[Biojava-l] adding counts to Dists

Thomas Down td2@sanger.ac.uk
Thu, 13 Dec 2001 11:14:54 +0000


On Thu, Dec 13, 2001 at 10:33:52PM +1300, Mark Schreiber wrote:
> Hi -
> 
> When adding a large number of counts to a Distribution via a trainer i
> have found it is much quicker to store the counts in and array (indexed by
> the AlphabetIndex for that alphabet). Increment the counts as each symbol
> comes in and then add the counts to the trainer at the end. (followed by
> the .train() method).
> 
> I'm curious as to why this is.

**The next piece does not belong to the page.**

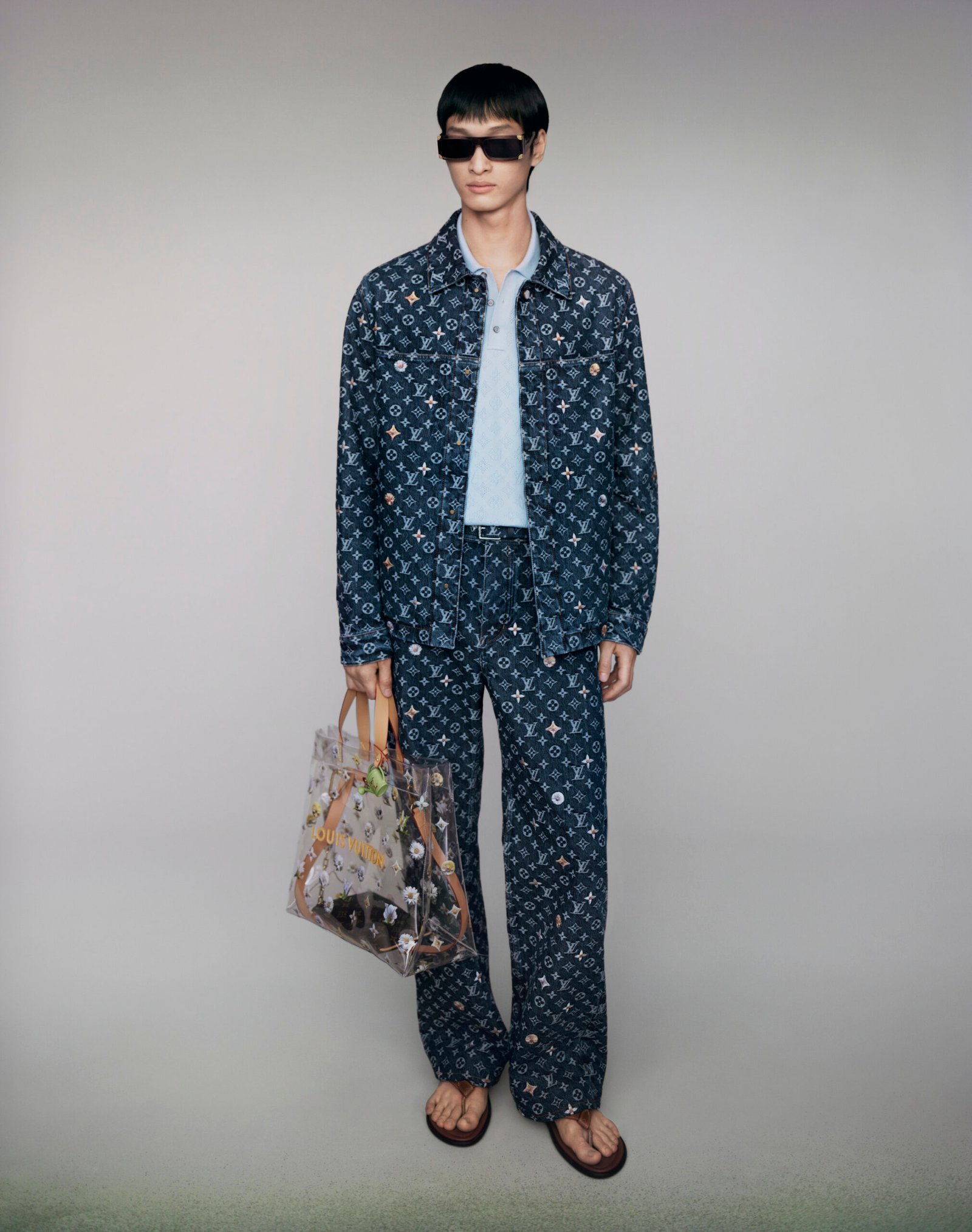يتبوأ الدنيم أدوارًا متنوعة، بدءًا من مجموعات بلوزون وشورتات خفيفة وكاجوال متناسقة، مرورًا بالسترات والبناطيل من جاكار المونوغرام المصبوغ بالألوان المتعددة، ووصولًا إلى القطع المنفصلة ذات التأثيرات الجرافيكية التي تحكي قصة التزام الدار بإدخال خبرتها الحرفية في الملابس العملية. يُطبع قماش التويل القطني، بينما تدمج قمصان البولو المصنوعة من الكتّان أو البيكيه لمسات من Damier أو المونوغرام عبر النسيج فقط.

I assume its cause the trainer checks the
> validity of each symbol, although technically so does the AlphabetIndex by
> looking up the index for the symbol.
> 
> Not that this is a major issue it might just be a way to speed up
> distribution training

Do you know what what implementation of Distribution you're
using?  SimpleDistribution uses a fairly sensible DistributionTrainer
object (which uses an Indexed and an array -- pretty much the
same as you are).  However, I notice that there's also something
called SimpleDistributionTrainer.  This is storing counts in
a Map<Symbol, Double>, and I suspect is likely to be /much/
less efficient -- especially as there's object churn every time
a new count is added.

If the distribution you're using is still using a SimpleDistributuinTrainer,
I'd guess that could cause some fairly dreadful performance.

    Thomas.